(Beginning of The data)

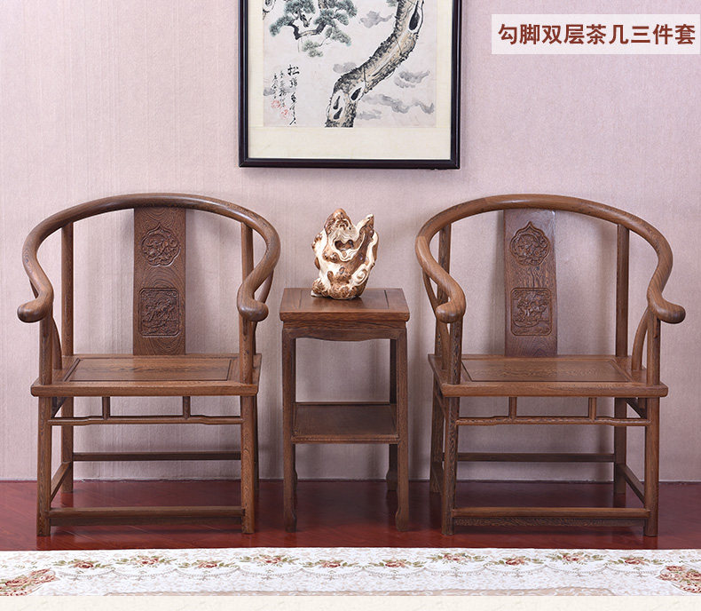 【商品尺寸】 | 圈椅:长62*50*坐高42(90) 勾脚双层茶几:长36*宽48*高62 简单茶几:长38*宽48*高60 带抽茶几:长38*宽48*高60 长城茶几:长35*宽45*高65CM (手工测量拍照,存在0-3cm误差属于正常现象,介意请慎拍) | ||
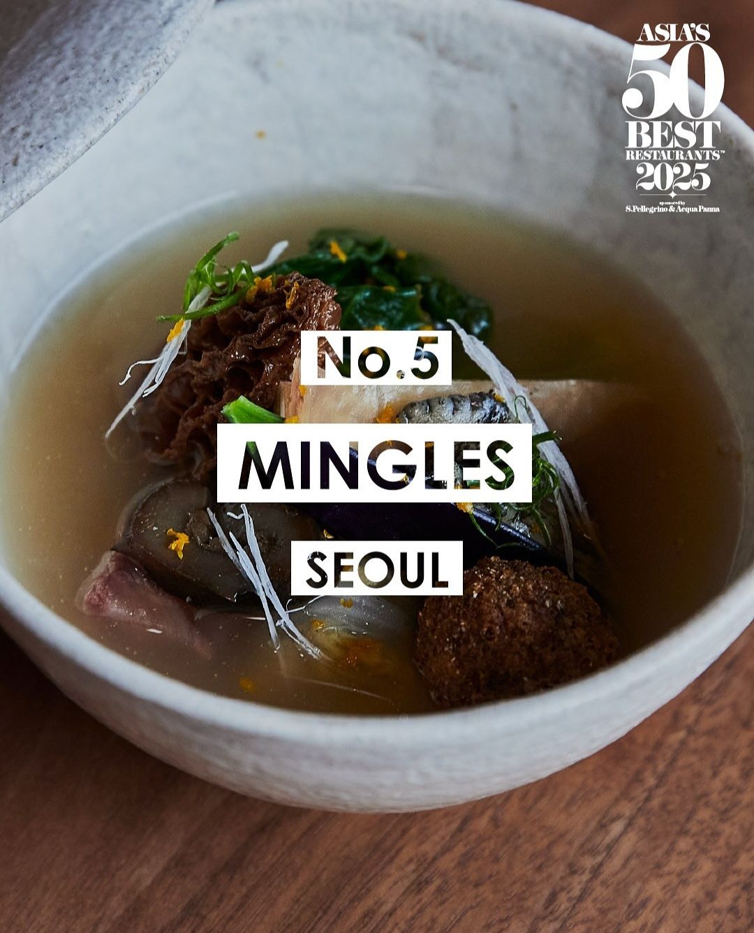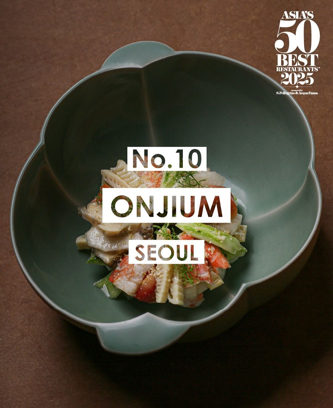아시아 베스트 50 레스토랑 중 한국 식당 4곳이 이름을 올렸다. 2024년과 비교했을 때 랭킹이 대폭 상승했다는 점이 눈에 띄었는데 이타닉 가든이 64위에서 25위, 온지음이 21위에서 10위, 밍글스가 13위에서 5위로 뛰어올랐다. 다만 세븐스도어는 18위에서 23위로 조금 떨어졌다. 그 밖에도 본앤브레드(51위), 솔밤(55위), 스와니예(57위), 알라프리마(61위), 권숙수(62위), 정식당(90위)가 리스트에 포함됐다. 2025년 유일하게 미쉐린 3스타를 받은 밍글스가 아시아 베스트 랭킹에서도 5위를 차지해 현시점 '국내 최고의 다이닝'이라는 타이틀을 공고히 했다.
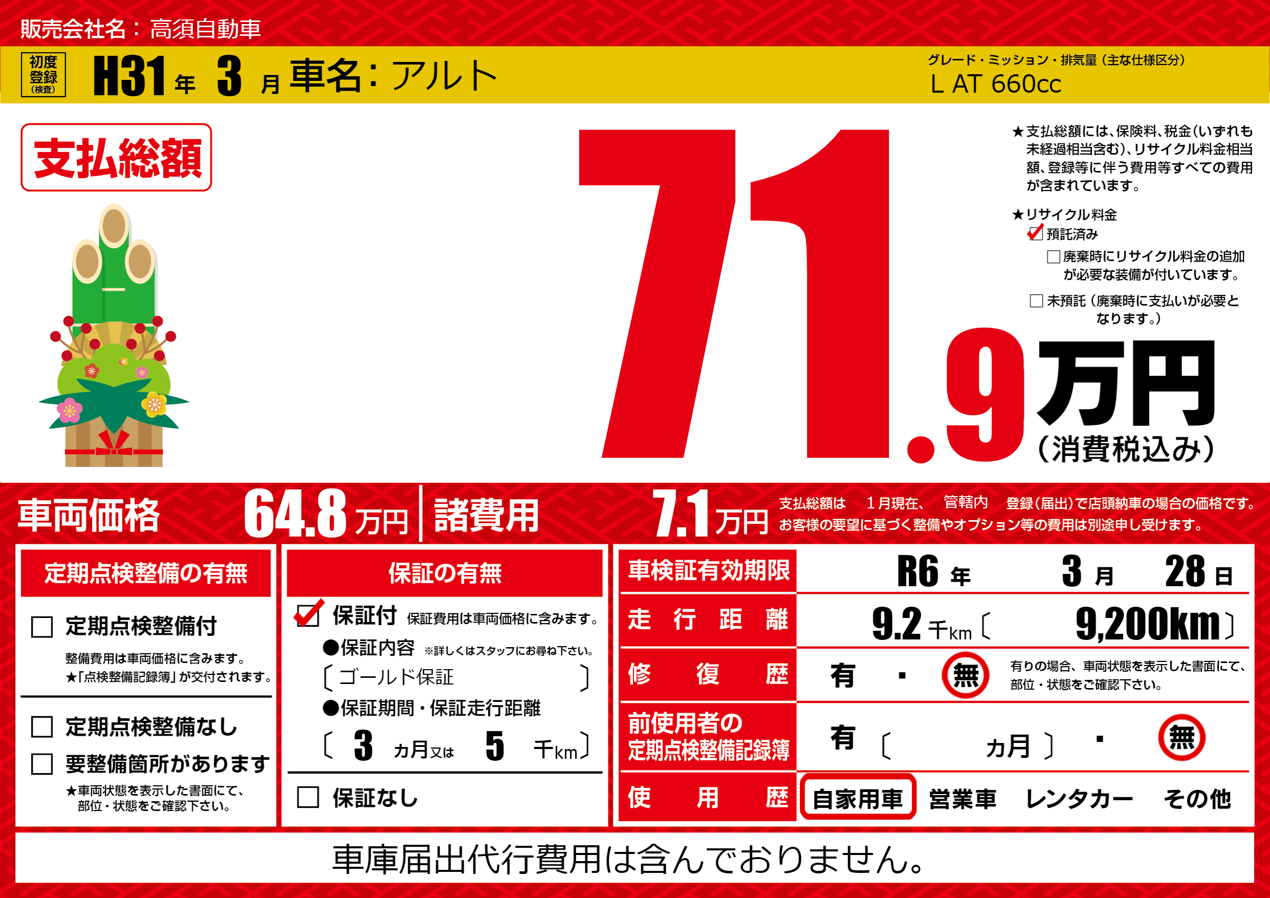保証なし 保証内容(ゴールド保証) 3ヶ月または(5)千kmまで |
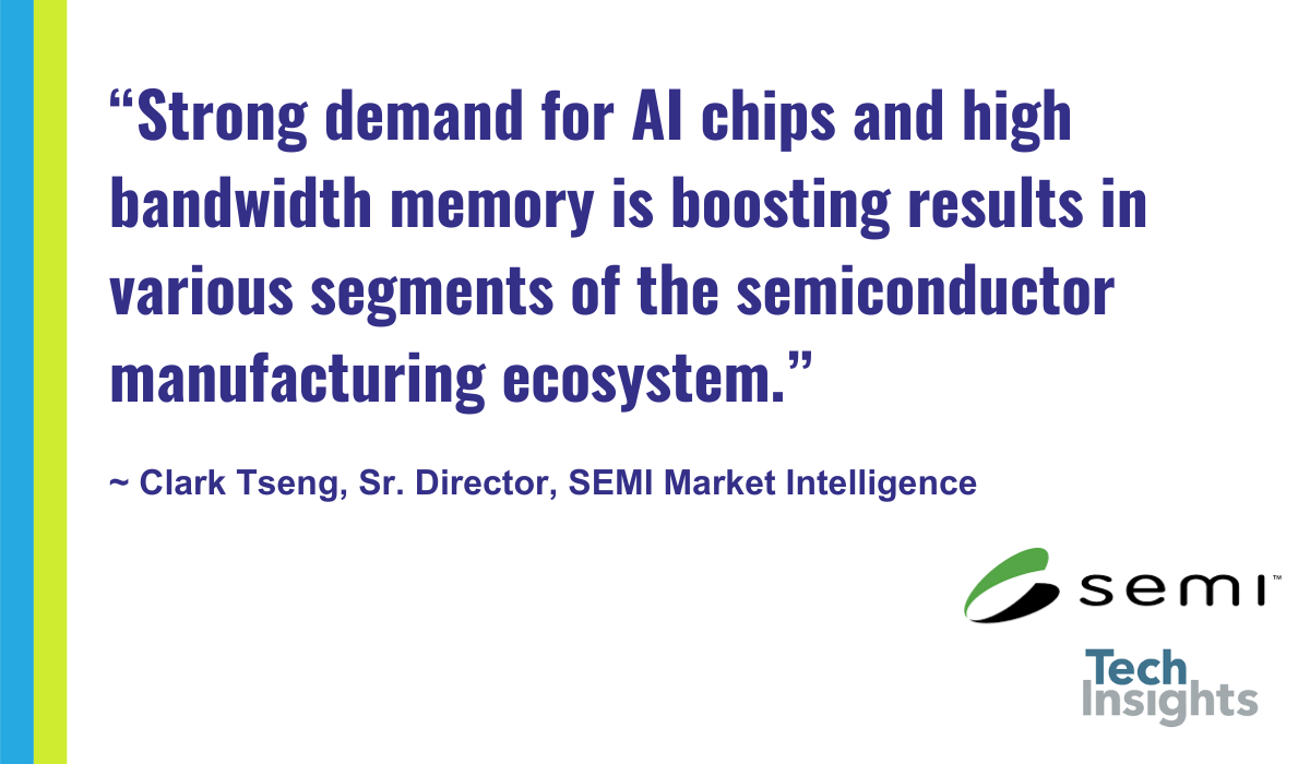 “The entire semiconductor supply chain is recovering this year as the market prepares for a surge in 2025,” said Boris Metodiev, Director of Market Analysis at TechInsights. “AI is certainly continuing to drive high value ICs to the market, while also supporting CapEx for capacity expansion of AI chips and especially HBM. As consumer demand recovers, and new technologies like AI are pushed to the edge, unit volumes and especially revenues will recover and support the broader semiconductor manufacturing sector.”
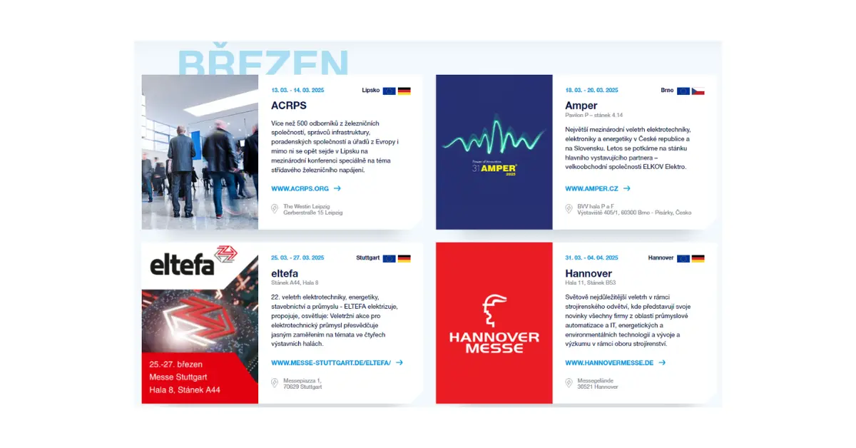 Měsíc začneme na tradiční konferenci odborníků na železnice ACRPS v Lipsku, pak se přesuneme do Brna, kde na stánku hlavního partnera výstavy společnosti ELKOV vystavíme naše novinky a řešení. A konec měsíce opět v Německu. Nejdříve s naším partnerem společností E.P.S. na výstavě ve Stuttgartu a pak hned na Hannover - velkolepý veletrh, kde představíme nový výrobek pro německý trh. Těšíme se na vás.
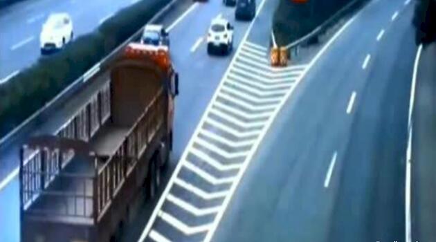 Легковушка пропустила поворот и «пустила под откос» панелевоз в Китае
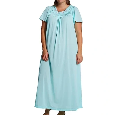 Shadowline Women's Plus Size Petals 53 Inch Short Flutter Sleeve Long Gown blue 2X

(End of The data)

= What the task asks =
Images stay out, but the rest of the records must be retyped exactly.

= Solved exercise =
 【商品尺寸】 | 圈椅:长62*50*坐高42(90) 勾脚双层茶几:长36*宽48*高62 简单茶几:长38*宽48*高60 带抽茶几:长38*宽48*高60 长城茶几:长35*宽45*高65CM (手工测量拍照,存在0-3cm误差属于正常现象,介意请慎拍) | ||
아시아 베스트 50 레스토랑 중 한국 식당 4곳이 이름을 올렸다. 2024년과 비교했을 때 랭킹이 대폭 상승했다는 점이 눈에 띄었는데 이타닉 가든이 64위에서 25위, 온지음이 21위에서 10위, 밍글스가 13위에서 5위로 뛰어올랐다. 다만 세븐스도어는 18위에서 23위로 조금 떨어졌다. 그 밖에도 본앤브레드(51위), 솔밤(55위), 스와니예(57위), 알라프리마(61위), 권숙수(62위), 정식당(90위)가 리스트에 포함됐다. 2025년 유일하게 미쉐린 3스타를 받은 밍글스가 아시아 베스트 랭킹에서도 5위를 차지해 현시점 '국내 최고의 다이닝'이라는 타이틀을 공고히 했다.
保証なし 保証内容(ゴールド保証) 3ヶ月または(5)千kmまで |
 “The entire semiconductor supply chain is recovering this year as the market prepares for a surge in 2025,” said Boris Metodiev, Director of Market Analysis at TechInsights. “AI is certainly continuing to drive high value ICs to the market, while also supporting CapEx for capacity expansion of AI chips and especially HBM. As consumer demand recovers, and new technologies like AI are pushed to the edge, unit volumes and especially revenues will recover and support the broader semiconductor manufacturing sector.”
 Měsíc začneme na tradiční konferenci odborníků na železnice ACRPS v Lipsku, pak se přesuneme do Brna, kde na stánku hlavního partnera výstavy společnosti ELKOV vystavíme naše novinky a řešení. A konec měsíce opět v Německu. Nejdříve s naším partnerem společností E.P.S. na výstavě ve Stuttgartu a pak hned na Hannover - velkolepý veletrh, kde představíme nový výrobek pro německý trh. Těšíme se na vás.
 Легковушка пропустила поворот и «пустила под откос» панелевоз в Китае
 Shadowline Women's Plus Size Petals 53 Inch Short Flutter Sleeve Long Gown blue 2X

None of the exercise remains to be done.